This is the most common mistake of all and it is the one that has the most disastrous effects on your Google ranking. It also has the potential to make you look like a twit, if your readers have seen the original text.  If you copy and paste a blog post, Google will pick up the plagiarism and will rank the original author over and above your site.  You will, in fact, be promoting someone else’s blog. 

Solution: Don’t do it!  You can take inspiration and information from other posts, but make the text your own with over 60% original and unique content.

Click bait and empty promises

Never make promises for your blog that you don’t follow through with.  If you are promising to point out the 6 common mistakes made when blogging, then deliver on that promise!  Do not suggest you’ve got the latest news on Colleen Rooney, if you are really just directing people to your new business services.  It is easy to start with a great idea and then head off down some weird thought train and never deliver on the blog title as advertised.  It could potentially annoy people. After all, if click-bait on other sites irritates you, then it will bother your readers too. 

Solution: Give them exactly what it says on the tin!

Product placement

Passing on vital and interesting news about your industry is always a great blog topic. There are times when giving valid information on new, innovative and exciting products is a perfectly good reason for blogging products.
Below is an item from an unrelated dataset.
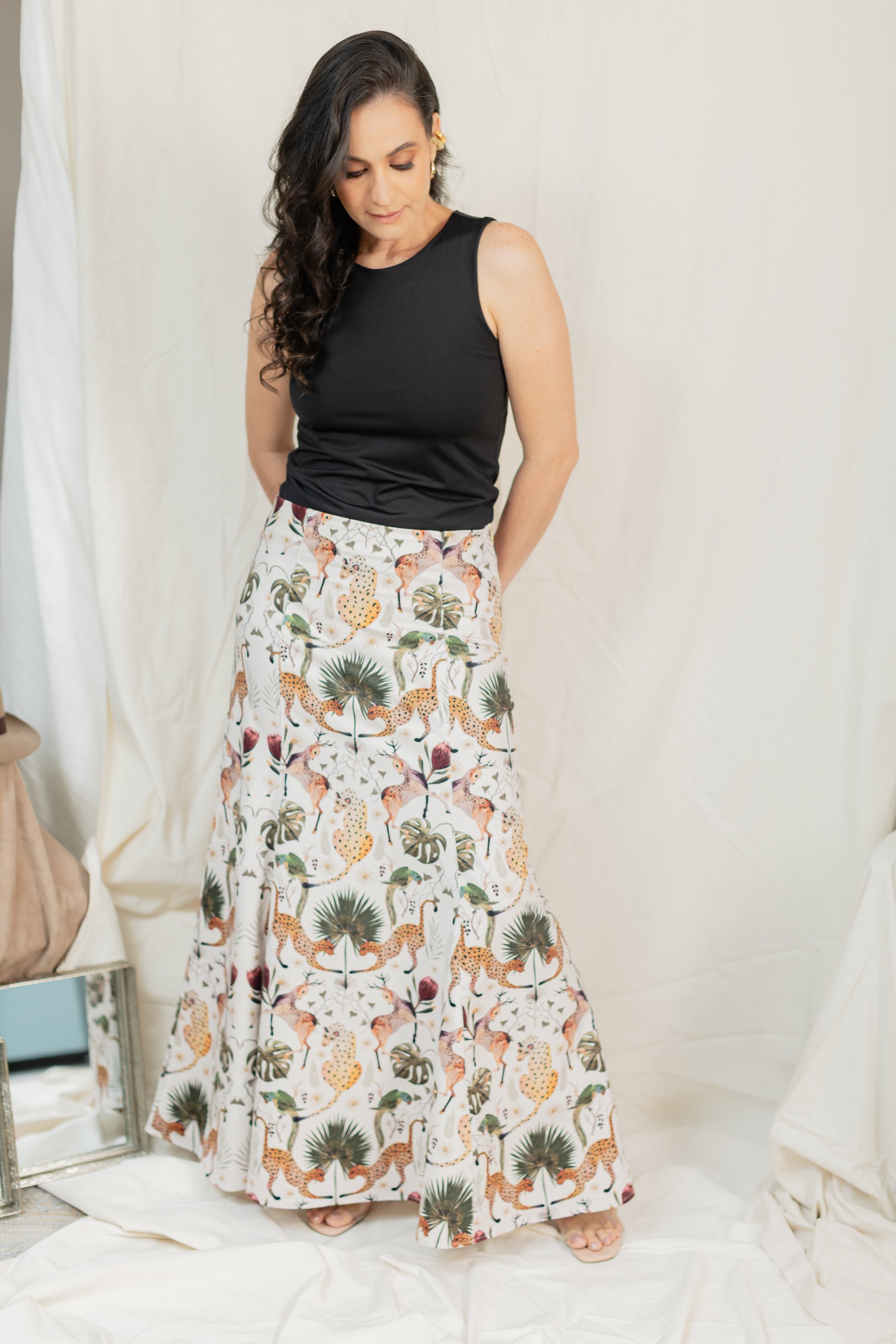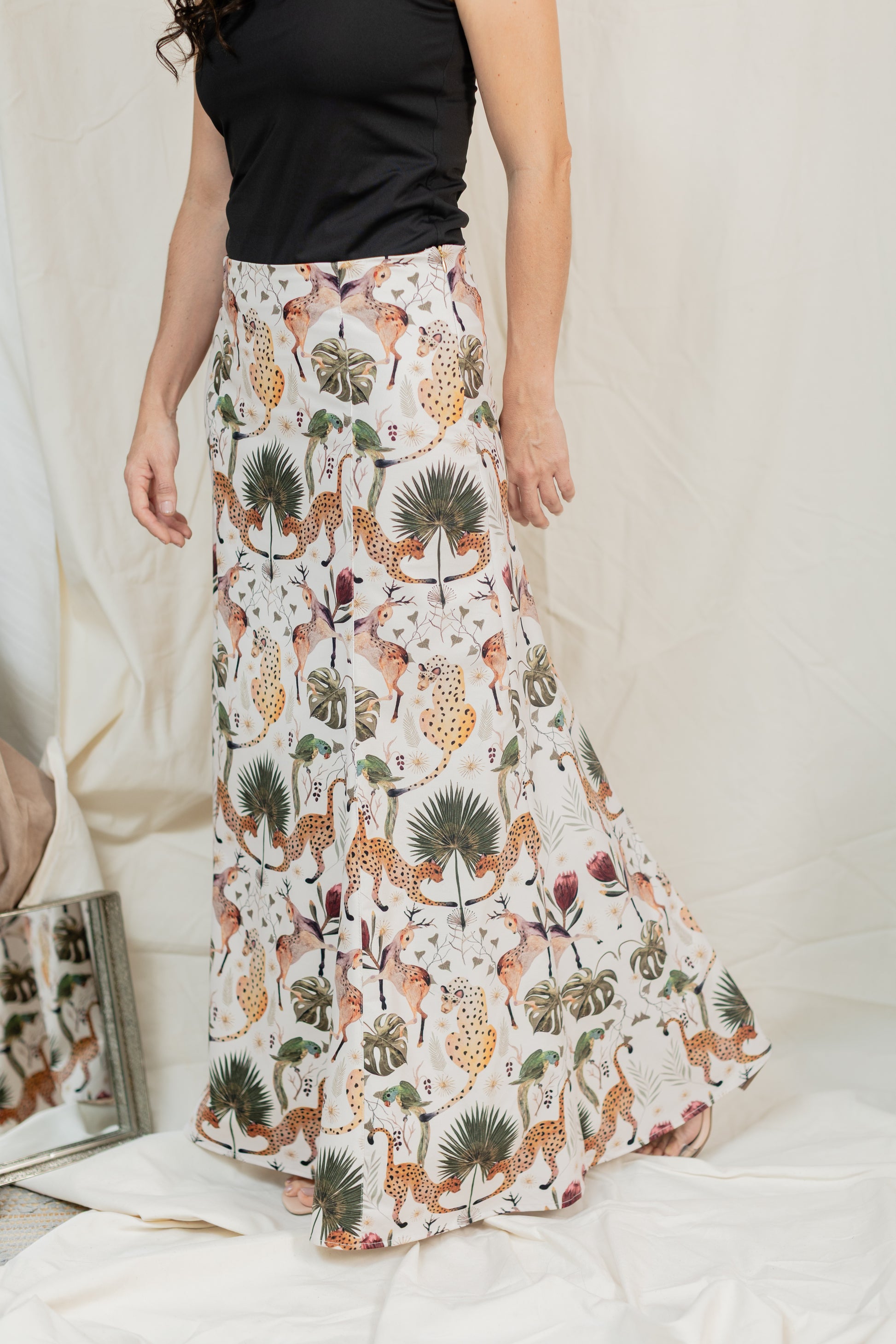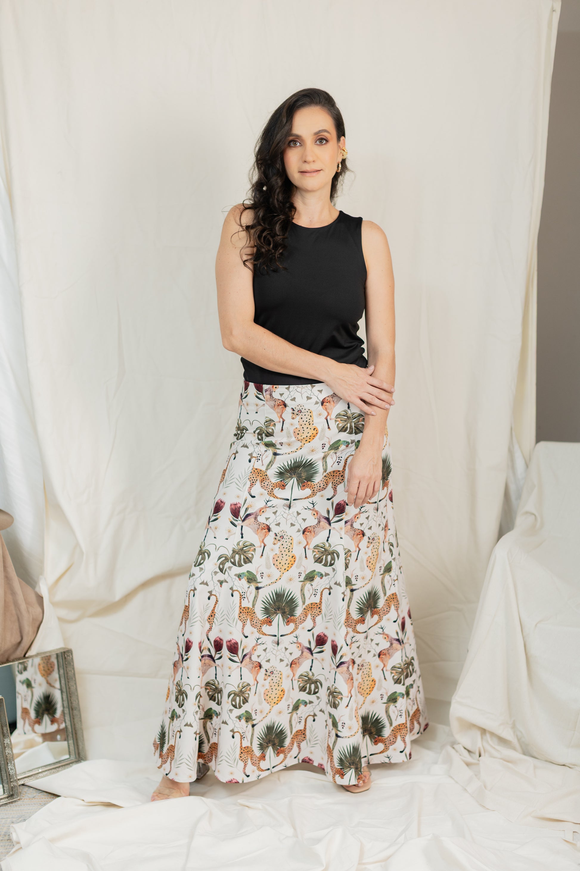 Falda elaborada en poli nailon un una combinación de telas super ligera y cómoda, corte sirena con corte negas, su estampado es exclusivo de la marca inspirado en la naturaleza, cierre lateral, su material garantiza seguridad y confort.

However, when you lazily place a few words around some hyperlinks to items you are trying to sell, you are underestimating the intelligence and the tolerance level of your readership and your potential clients.  Product placement should happen because of a blog, and not the other way round.

Solution: Passing on vital and interesting news about your industry is always a great blog topic. Consider a title like ‘Is this best way to keep your hands warm this winter?’ to product-place gloves or ‘Are you tired of paying too much for a silver cleaner that doesn’t work?” to product place a range of silver cleaners Etc. etc.

Too long

Google ranking loves your long blogs.  The longer it is, the more chance it has of ‘ranking well’ in search options.  This might seem like a good reason to waffle on for longer than you should. Bear in mind that your blog should, for ranking purposes, be more than 600 words, but those words should be interesting and on point. Don’t be afraid of being personal and letting your personality come through (a personal voice usually takes longer to relate and is often easier to read). 
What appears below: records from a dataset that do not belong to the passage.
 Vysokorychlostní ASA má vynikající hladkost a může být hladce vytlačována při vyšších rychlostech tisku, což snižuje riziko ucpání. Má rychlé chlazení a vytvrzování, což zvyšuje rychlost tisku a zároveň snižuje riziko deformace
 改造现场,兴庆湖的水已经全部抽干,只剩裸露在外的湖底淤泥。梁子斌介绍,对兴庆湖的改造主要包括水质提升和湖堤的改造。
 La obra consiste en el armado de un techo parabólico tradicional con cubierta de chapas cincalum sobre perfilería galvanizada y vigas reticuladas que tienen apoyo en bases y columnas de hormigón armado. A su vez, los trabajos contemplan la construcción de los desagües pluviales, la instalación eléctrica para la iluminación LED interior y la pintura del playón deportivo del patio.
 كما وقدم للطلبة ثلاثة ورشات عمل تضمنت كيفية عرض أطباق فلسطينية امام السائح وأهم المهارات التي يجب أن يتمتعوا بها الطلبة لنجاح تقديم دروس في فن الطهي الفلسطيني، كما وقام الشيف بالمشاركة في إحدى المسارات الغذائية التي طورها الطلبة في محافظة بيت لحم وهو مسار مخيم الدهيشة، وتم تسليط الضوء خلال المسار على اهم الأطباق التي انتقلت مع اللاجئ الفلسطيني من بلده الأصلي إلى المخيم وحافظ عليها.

Solution:  Ask a suitable person to read your blog and suggest some edits, explaining to them that you are trying to hit the balance between length and interest. Break up the text and have a nice layout with eye-catching images.

Too short

I know, I know.  Too long can be a mistake, but too short can also bring its own issues. Google ranks the longer blogs well even if the quality of the  ‘content’ is not their priority.  If your blog is too short it won’t hit those ranking targets

Solution:  Make bullet points of all the aspects of your blog topic before you start and write a paragraph on each of the points.  Top and tail that information with a witty introduction and round up paragraph.

Too technical, Acronyms and Insider terms.

Never presume that the reader understands your ‘insider terms’, your acronyms and short-cuts. Too many times a blog will overcomplicate a simple guide to whatever, with a liberal amount of industry specific terms and SSA’s (stupid silly acronyms). 

Solution: If you must use shortcuts and terms that are not in normal use, just pop an explanation in brackets.  An edit from someone not involved in your industry will flag up any use of exclusive and unfamiliar language.

Blogging is easy, blogging is fun and although you may fall foul of the above common errors, there are easy solutions to hone your writing and ensure a wider audience and a further reach for your blogs. Need some help writing your blog see our previous blog - New to Blog Writing? Here is what you need to know.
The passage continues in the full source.